- Source material
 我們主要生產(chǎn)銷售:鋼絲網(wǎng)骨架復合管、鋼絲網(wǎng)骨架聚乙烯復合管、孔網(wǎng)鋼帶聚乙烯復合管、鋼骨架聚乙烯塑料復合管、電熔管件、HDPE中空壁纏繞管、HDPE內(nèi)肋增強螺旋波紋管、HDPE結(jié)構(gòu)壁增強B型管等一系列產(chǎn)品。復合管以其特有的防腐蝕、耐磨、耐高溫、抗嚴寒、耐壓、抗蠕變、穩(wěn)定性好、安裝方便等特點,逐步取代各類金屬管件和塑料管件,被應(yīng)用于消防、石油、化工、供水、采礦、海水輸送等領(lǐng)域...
...
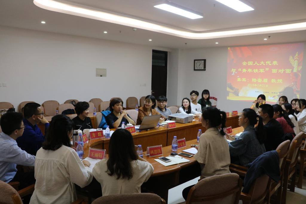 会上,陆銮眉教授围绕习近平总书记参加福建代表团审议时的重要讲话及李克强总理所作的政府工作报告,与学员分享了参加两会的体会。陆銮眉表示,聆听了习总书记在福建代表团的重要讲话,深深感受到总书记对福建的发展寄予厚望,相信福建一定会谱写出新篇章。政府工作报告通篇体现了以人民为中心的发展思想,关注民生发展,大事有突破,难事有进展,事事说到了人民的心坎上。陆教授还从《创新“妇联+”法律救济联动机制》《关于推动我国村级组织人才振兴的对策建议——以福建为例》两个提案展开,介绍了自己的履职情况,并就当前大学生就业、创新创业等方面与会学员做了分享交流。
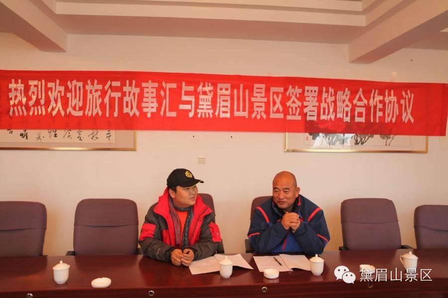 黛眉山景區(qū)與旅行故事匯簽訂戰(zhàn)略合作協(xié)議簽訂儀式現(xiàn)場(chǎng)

- Assignment
Nothing but the lines above from the line with "会上,陆銮眉教授围绕习近平总" up to and including the line with "黛眉山景區(qū)與旅行故事" should be returned, exactly as written and without pictures.

- Exercise output
 会上,陆銮眉教授围绕习近平总书记参加福建代表团审议时的重要讲话及李克强总理所作的政府工作报告,与学员分享了参加两会的体会。陆銮眉表示,聆听了习总书记在福建代表团的重要讲话,深深感受到总书记对福建的发展寄予厚望,相信福建一定会谱写出新篇章。政府工作报告通篇体现了以人民为中心的发展思想,关注民生发展,大事有突破,难事有进展,事事说到了人民的心坎上。陆教授还从《创新“妇联+”法律救济联动机制》《关于推动我国村级组织人才振兴的对策建议——以福建为例》两个提案展开,介绍了自己的履职情况,并就当前大学生就业、创新创业等方面与会学员做了分享交流。
 黛眉山景區(qū)與旅行故事匯簽訂戰(zhàn)略合作協(xié)議簽訂儀式現(xiàn)場(chǎng)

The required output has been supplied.